When selecting a spoon for fishing, consider the water’s temperature and what species you plan on targeting. If it’s warm out there, opt for a model with a faster retrieve. Conversely, you might prefer something with a slower retrieval speed in cold or rainy weather.

Fishing Method

Trout can be caught using a variety of methods, such as spinners, plugs, and spoons. When fishing for rainbow trout, select a spoon appropriate to the type of water you are fishing in; this includes selecting an appropriate size, color, and style of spoon that will work best in that location.

When fishing for rainbow trout, your method depends on when they’re feeding and their behavior to weather conditions in your area. For instance, during spring and summer, trout are most active morning and evening; during these times, you should cover lots of water with metal spinners or casting spoons 1-3 feet down to reach as many trout as possible before they go into hiding for the day.

At midday, when trout actively chase baitfish in deep water, they switch to crankbaits or jigs to imitate their prey. Cast out and retrieve your lure with several quick twitches and pauses for maximum attention from the trout.

Try using a drop-off jig on a winter trip to catch trout through the ice. A green or orange jig head tipped with a wax worm, or small fathead minnow is ideal for this technique.

Another effective method for fishing through the ice is using a lead weight as bait. Instead of using a bobber, attach the weight to the bottom of the lake about one and a half feet above your baited hook.

For this technique, keeping the lead weight out of any fish that might accidentally snag on it is essential. To do this, consider using a weedless spoon such as the Johnson Silver Minnow, which features a pin-like protector on the concave side that prevents snags from damaging your lure.

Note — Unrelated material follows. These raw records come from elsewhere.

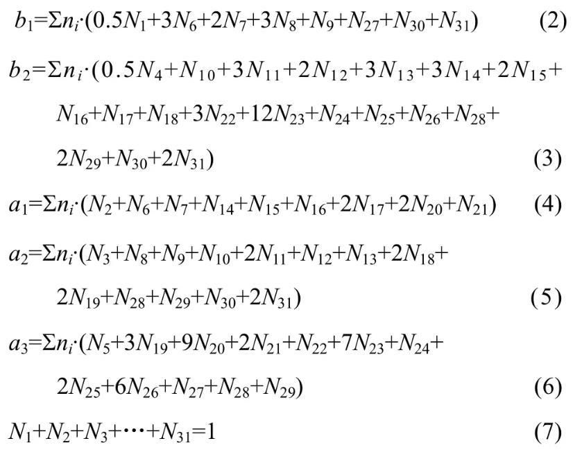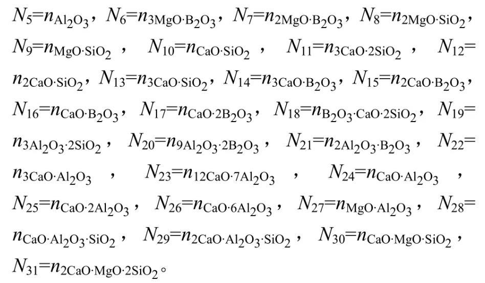 因此,由表1和式(2)~(7)建立計(jì)算MgO-B2O3-SiO2-CaO-Al2O3渣系中結(jié)構(gòu)組元和離子對(duì)作用濃度Ni的控制方程,其中N6~N31由N1~N5表示出來(lái)。在一定溫度下,熔渣成分代入該方程組,采用迭代法計(jì)算出所有結(jié)構(gòu)組元和離子對(duì)的作用濃度。
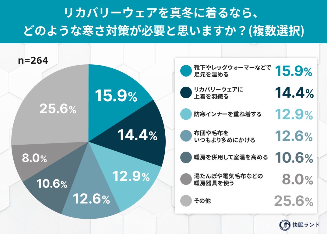 その他:25.6%(冬用のリカバリーウェアに変える:7.8%、寝る前にお風呂でしっかり温まる:7.7%、寝る前に温かい飲み物を飲む:4.6%、体温を上げるためストレッチや軽い運動をする:4.1%、特に工夫せず、現状で問題ない:1.4%)
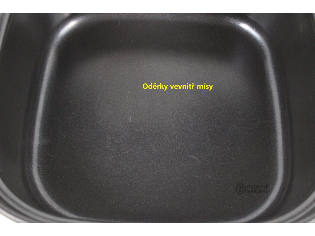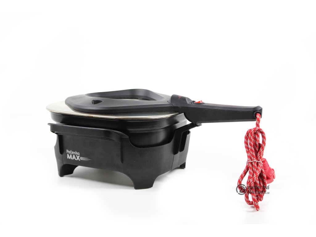 Pracovní nádoba Pečenky je z nepřilnavého teflonového materiálu, a tak se vám k ní jen tak něco nepřipeče. Oceníte i její čtvercový tvar, který je ideální při pečení buchet a dalších pokrmů. Nádoba se dá také vyjmout a uložit do lednice či jednoduše umýt. Abyste své dobroty mohli průběžně kontrolovat, je ve víku hrnce praktické skleněné okénko.
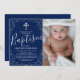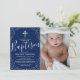 Blue Silver Glitter Boy Baptism Photo Invitation
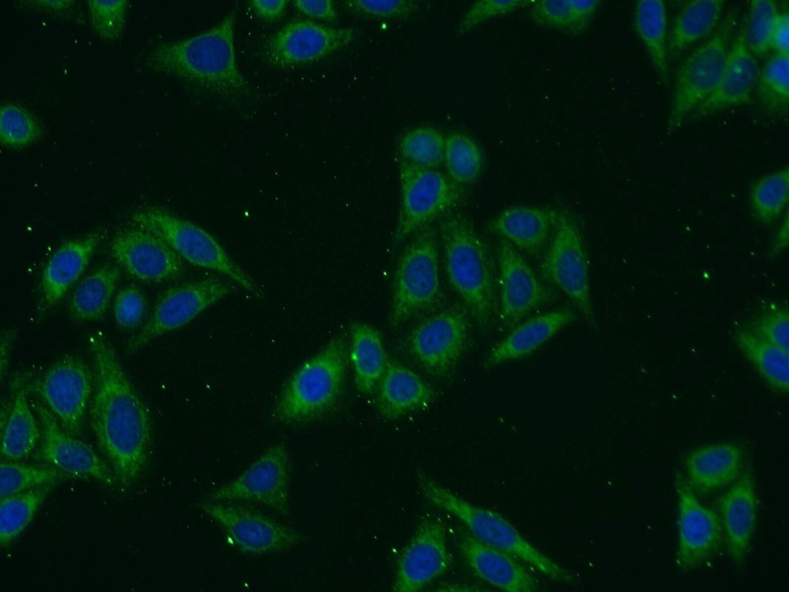 - Immunofluorescent analysis of HepG2 cells using 17815-1-AP (Syntaxin 17 antibody) at dilution of 1:50 and Alexa Fluor 488-conjugated AffiniPure Goat Anti-Rabbit IGG (H+L).
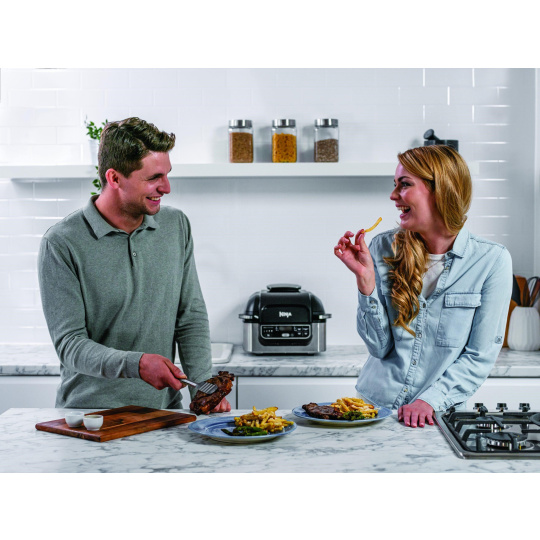 S tímto krytým grilem a fritézou Ninja Foodi je nyní příprava vašich oblíbených jídel snazší a rychlejší: připravujte čerstvé i mražené suroviny s autentickou grilovací úpravou. Díky teplotě grilování 265 oC můžete vařit s malým množstvím oleje nebo bez něj a dosáhnout rovnoměrného propečení a autentické grilovací chuti, aniž byste potřebovali zahradu..... více
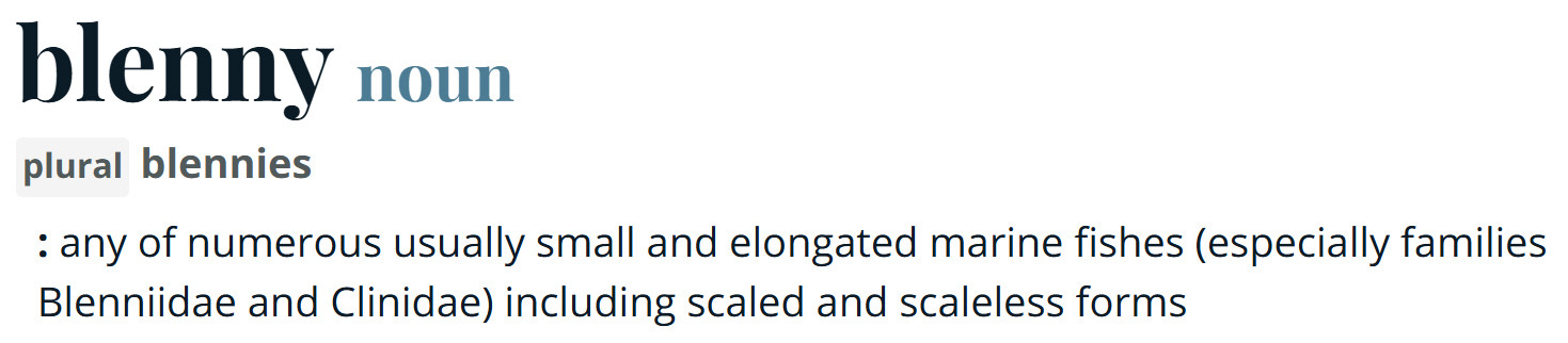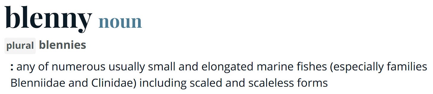 This week’s Word of the Week is “blenny.” I came across this while reading Remarkably Bright Creatures by Shelby Van Pelt. A blenny is a certain type of little fish. This novel has been on the New York Times bestseller list for over 64 weeks. In some cases like this, I wonder, “Is it really that good?” But I must say, I did really enjoy the book. Although there are certainly sad parts, I think that overall, it’s a feel-good story. It’s coming out in movie form next month, but I recommend you read the book first (or instead) if you have the time.

In the summertime, a wide-bodied spoon such as the Acme Kastmaster or Thomas Rough Rider can be effective when trout move to deeper waters for the warmest part of the day. These spoons are designed to flutter slightly as they fall, tempting finicky trout into striking.

Where to Fish

Small spoons are an effective method for catching rainbow trout in rivers and lakes. These lures are made to look like wounded baitfish, which can entice fish to bite.

Trout are highly sensitive and can sense vibrations. Therefore, it’s essential to minimize any unnecessary noise or movement while fishing to focus on the fish and their environment.

Spoons make excellent lures for trout in streams or lakes, as they’re easily cast and trolled. Anglers typically use these lures in clear water but also in stained or murkier waters.

When fishing for rainbow trout in small lakes, the size of your spoon should correspond to their size. Conversely, larger spoons can be utilized when fishing deeper waters for larger specimens.

For maximum effectiveness when fishing with a spoon, attaching a swivel above it helps reduce line twist. This allows you to get more line out of your reel when fishing with a spinning rod – often preferred for trout fishing – increasing its line capacity.

One way to increase your trout fishing success with a spoon is to change the hook. Most spoons come with a treble hook, but removing it and replacing it with a single hook is best. This is important because single hooks penetrate easier and won’t come undone like trebles.

When fishing with a spoon, selecting the appropriate color for the water you are in is essential. Gold or silver works best in sunny weather with clear water, while copper or dark colors work better on cloudy days.

When selecting a spoon for fishing, other factors include the type of fishing you plan on doing and the fish species you’re targeting. For instance, if targeting a stocked lake is your aim, stick with spoons shaped and colored like forage items those fish are used to seeing in that body of water.